Property Merge Strategy
When a connector submits a property that already exists in the database (identified by its address_hash), Mill does not blindly overwrite the existing record. Instead it applies a field-level merge strategy that preserves enriched or higher-quality data while still accepting fresh updates from the source.
This page explains the rules, the reasoning behind each one, and the edge cases to be aware of.
Why a merge strategy is necessary
Section titled “Why a merge strategy is necessary”Multiple connectors can submit data for the same physical address — for example, a property on the same street might appear in both homes.co.nz and a direct MLS feed. Each source assigns its own internal ID and may have partial information.
A naive upsert (overwrite everything) creates two problems:
- Primary key collisions — If source B’s ID for a property is the same string as an already-existing different property, overwriting
idwould violate the primary key constraint. - Data regression — Geocoding enriches a record with precise coordinates. A later connector message with no location data would wipe those coordinates, degrading quality.
The merge strategy solves both problems by choosing the best available value for every field on each update.
Deduplication key
Section titled “Deduplication key”Properties are deduplicated by address_hash — an MD5 hash derived from the normalised street, city, state, postal code, and country. When two records share the same hash, they are considered the same physical property, regardless of source ID.
Field-level merge rules
Section titled “Field-level merge rules”Fields that are always preserved
Section titled “Fields that are always preserved”| Field | Reason |
|---|---|
id | Primary key. Never changed after initial insert. Prevents PK collisions when a different source assigns a new ID to the same address. |
created_at | Records when this property first appeared in the system. Always reflects the original insertion time. |
Fields that always take the incoming value
Section titled “Fields that always take the incoming value”| Field | Reason |
|---|---|
updated_at | Always reflects the timestamp of the most recent message, so consumers can detect recently changed records. |
status | Listing status changes (e.g. active → sold) must propagate immediately. Empty strings from the connector still fall back to the existing value. |
String fields — incoming wins if non-empty
Section titled “String fields — incoming wins if non-empty”For all text fields, the rule is:
new_value = incoming != '' ? incoming : existingFields covered: title, description, mls_number, property_name, property_subtype, currency, property_type, data_source, address_street, address_unit, address_city, address_state, address_postal_code, address_country, address_full, source_url.
This means:
- A connector that sends a richer description will update the record.

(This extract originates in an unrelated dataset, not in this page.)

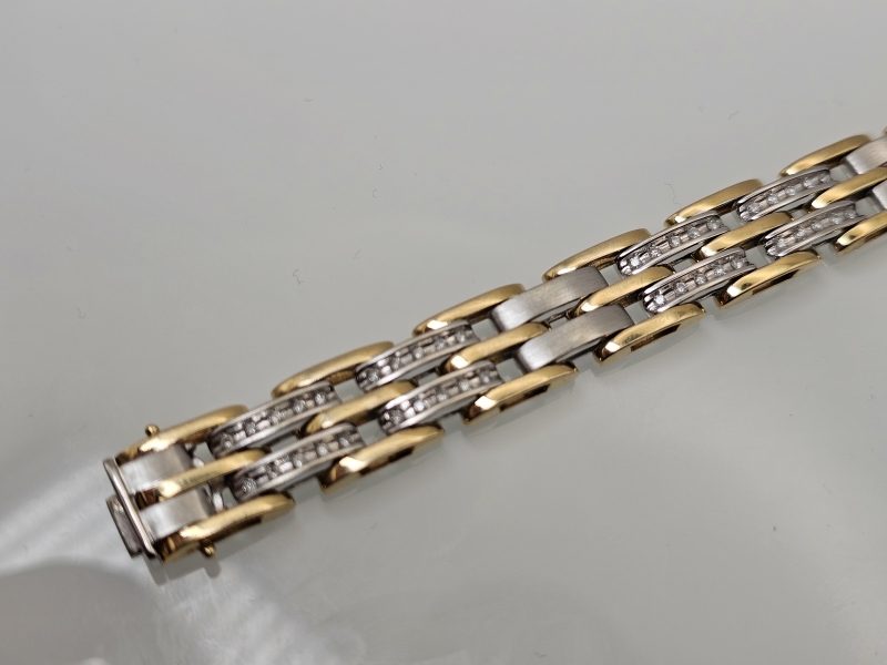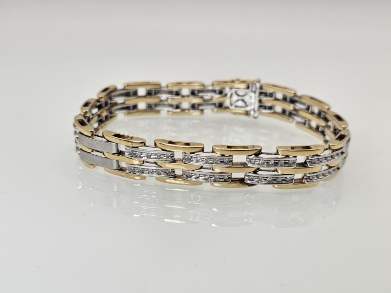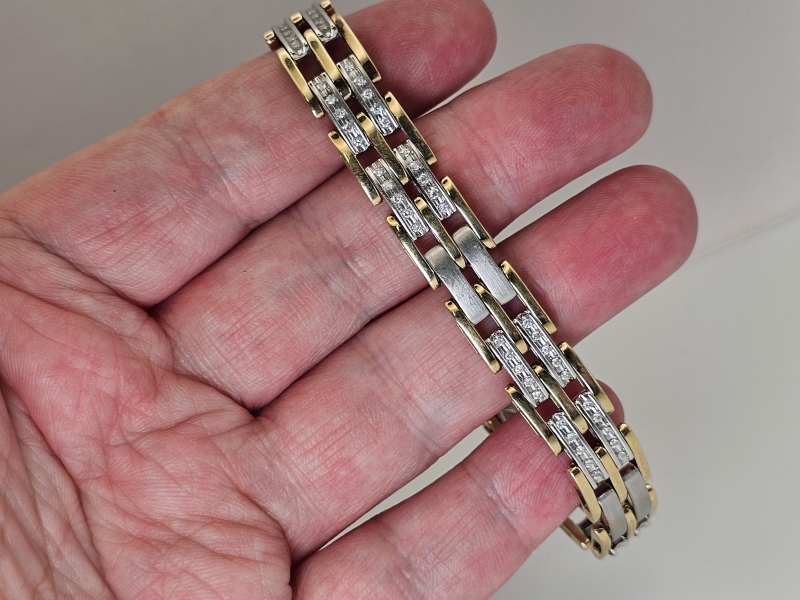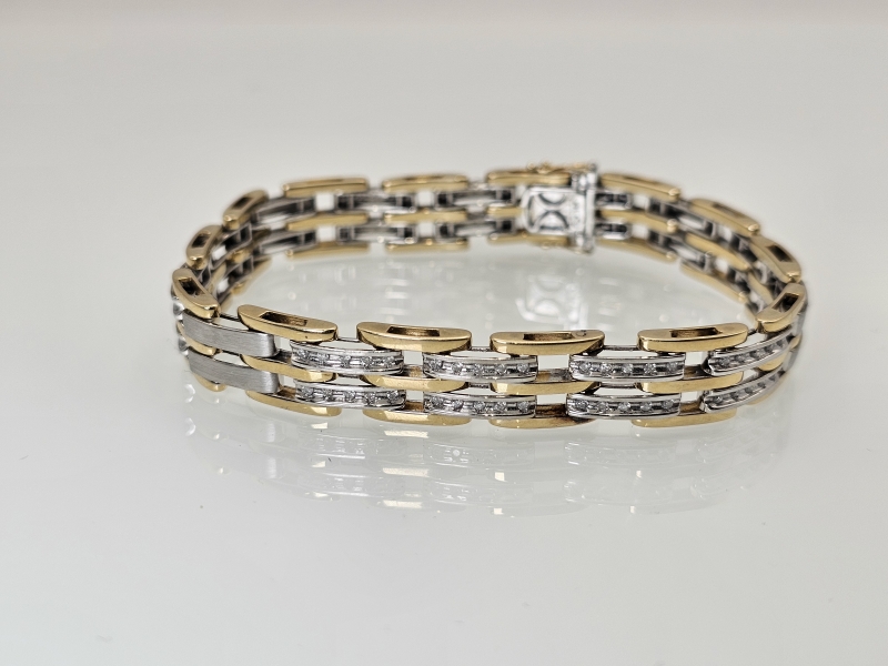 #1194 14k valko- / keltakultainen rannekoru timanteilla, 27,74g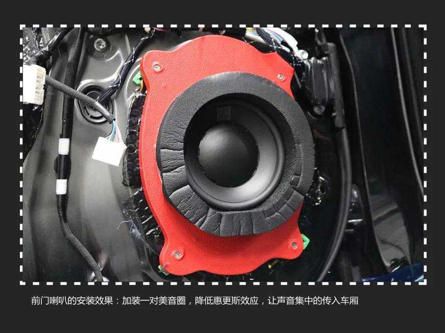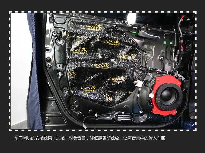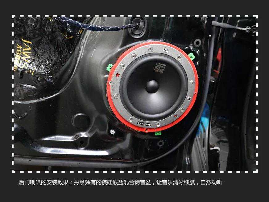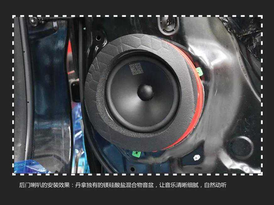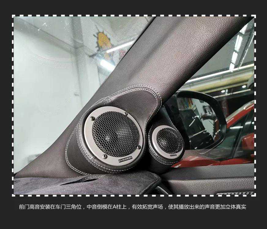 前声扬升级了丹拿ESOTAN372三分频套装喇叭,它的中低音原位无损安装,不会破坏原有的线路,而高音安装在车门三角位上,中音则倒模在A柱,这样的安装方式不仅让高频与中频有较好的衔接,也可以拓宽声扬,让喇叭播放出来的声音更加立体真实。

- A connector that sends an empty string (because the field was missing in its feed) will not wipe an existing value.
Numeric fields — incoming wins if non-zero
Section titled “Numeric fields — incoming wins if non-zero”For all numeric detail and price fields, the rule is:
new_value = incoming != 0 ? incoming : existingFields covered: price, price_current, bedrooms_total, bathrooms_total, square_meters_total, square_meters_living, lot_size_sqm, year_built, parking_total_spaces, levels_total.
This protects against connectors that omit optional fields (Go’s zero value for int/float64 is 0), which would otherwise overwrite real data.
data_quality_score — highest value wins
Section titled “data_quality_score — highest value wins”data_quality_score = GREATEST(incoming, existing)The score can only increase over time. Once a high-quality source has enriched a record, a lower-quality source cannot degrade it.
Location — incoming wins if non-zero
Section titled “Location — incoming wins if non-zero”latitude/longitude/s2_cell_id = incoming != 0 ? incoming : existinggeom = incoming IS NOT NULL ? incoming : existingGeocoding is expensive. If a record has already been enriched with precise coordinates (e.g. from the geocoding service), a later message that arrived without location data will not wipe those coordinates.
Conversely, if a record has no coordinates and a new message provides them, the coordinates are updated.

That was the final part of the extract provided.